In this tutorial, we'll look at declaring dependencies in a Gradle build script. For our examples, we'll be using Gradle 6.7.

2. Typical Structure

Let's start with a simple Gradle script for Java projects:

plugins {
    id 'java'
}

repositories {
    mavenCentral()
}

dependencies {
    implementation 'org.springframework.boot:spring-boot-starter:2.3.4.RELEASE'
    testImplementation 'org.springframework.boot:spring-boot-starter-test:2.3.4.RELEASE'
}

As can be seen above, we have three code blocks: pluginsrepositories, and dependencies.

First, the plugins block tells us that this is a Java project. Secondly, the dependencies block declares version 2.3.4.RELEASE of the spring-boot-starter dependency needed to compile the project's production source code. Additionally, it also states that the project's test suite needs spring-boot-starter-test to compile.

The Gradle build pulls all dependencies down from the Maven Central repository, as defined by the repositories block.

Let's focus on how we can define dependencies.

3. Dependency Configurations

There are different configurations in which we can declare dependencies. In this regard, we can choose to be more or less precise, as we'll see later on.

3.1. How To Declare Dependencies

To start, the configuration has 4 parts:

  • group – identifier of an organization, company, or project
  • name – dependency identifier
  • version – the one we want to import
  • classifier – useful to distinguish dependencies with the same groupname, and version

We can declare dependencies in two formats. The contracted format allows us to declare a dependency as a String:

implementation 'org.springframework.boot:spring-boot-starter:2.3.4.RELEASE'

Instead, the extended format allows us to write it as a Map:

implementation group:'org.springframework.boot', name: 'spring-boot-starter', version: '2.3.4.RELEASE'

3.2. Types of Configuration

Furthermore, Gradle provides many dependencies configuration types:

  • api – used to make the dependencies explicit and expose them in the classpath. For instance, when implementing a library to be transparent to the library consumers'
  • implementation – required to compile the production source code and are purely internal. They aren't exposed outside the package
  • compileOnly – used when they need to be declared only at compile-time, such as source-only annotations or annotation processors. They don't appear in the runtime classpath or the test classpath
  • compileOnlyApi – used when required at compile time and when they need to be visible in the classpath for consumers
  • runtimeOnly – used to declare dependencies that are required only at runtime and aren't available at compile time
  • testImplementation – required to compile tests
  • testCompileOnly – required only at test compile time
  • testRuntimeOnly – required only at test runtime

We should note that the latest versions of Gradle deprecate some configurations like compile, testCompile, runtime, and testRuntime. At the time of writing, they're still available.
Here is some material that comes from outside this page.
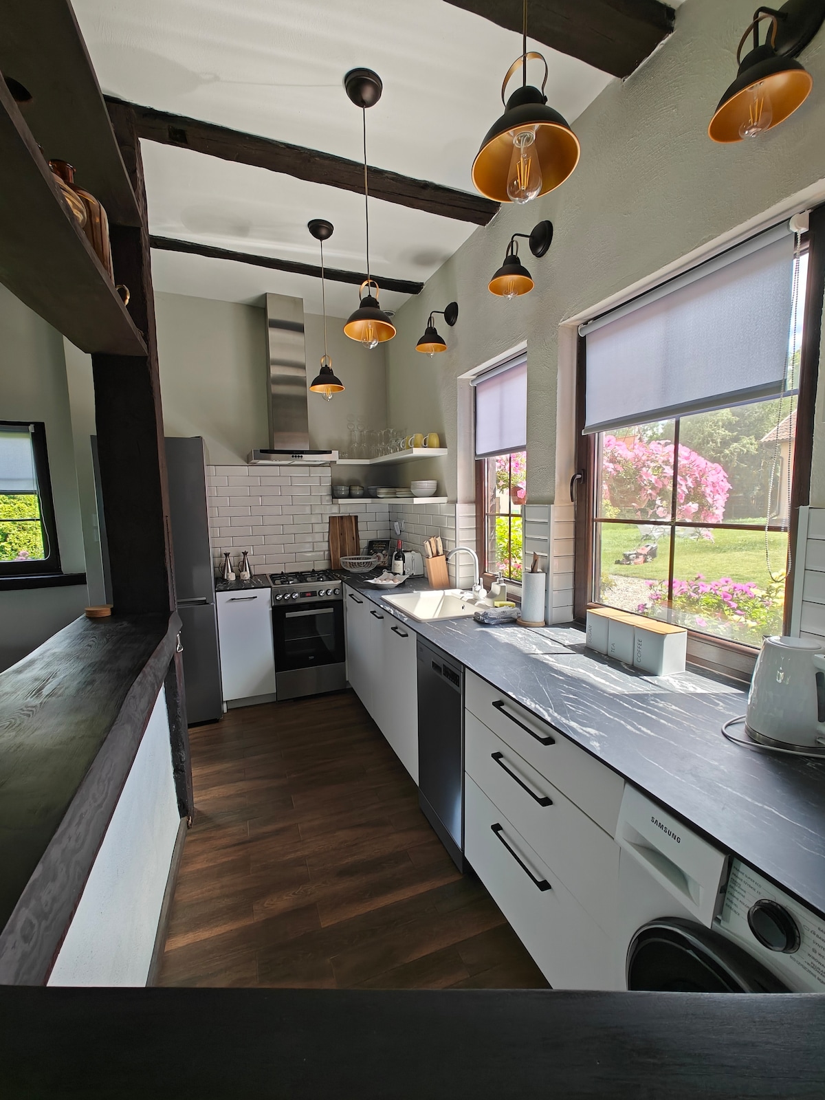 Nuestra casa de madera ha sido diseñada de forma moderna y funcional. Hemos intentado integrarnos perfectamente en el entorno y no perturbar la naturaleza que nos rodea por todos lados. Nuestro pequeño pueblo no se ha rendido al tiempo, todo funciona aquí como antes. No hay tiendas ni restaurantes, no hay turistas, solo silencio y naturaleza. El pueblo está rodeado de prados y el bosque de Puszcza Piska, a 10 km de las ciudades más cercanas. Las grullas y las innumerables aves acuáticas te invitan a un espectáculo diario. Aquí encontrarás la paz.

4. Types of External Dependencies

Let's delve into the types of external dependencies we encounter in a Gradle build script.

4.1. Module Dependencies

Basically, the most common way to declare a dependency is by referencing a repository. A Gradle repository is a collection of modules organized by groupname, and version.

As a matter of fact, Gradle pulls down the dependencies from the specified repository inside the repository block:

repositories {
    mavenCentral()
}

dependencies {
    implementation 'org.springframework.boot:spring-boot-starter:2.3.4.RELEASE'
}

4.2. File Dependencies

Given that projects don't always use automated dependency management, some projects organize dependencies as part of the source code or the local file system. Thus, we need to specify the exact location where the dependencies are.

For this purpose, we can use files to include a dependency collection:

dependencies {
    runtimeOnly files('libs/lib1.jar', 'libs/lib2.jar')
}

Similarly, we can use filetree to include a hierarchy of jar files in a directory:

dependencies {
    runtimeOnly fileTree('libs') { include '*.jar' }
}

4.3. Project Dependencies

Since one project can depend on another to reuse code, Gradle offers us the opportunity to do so.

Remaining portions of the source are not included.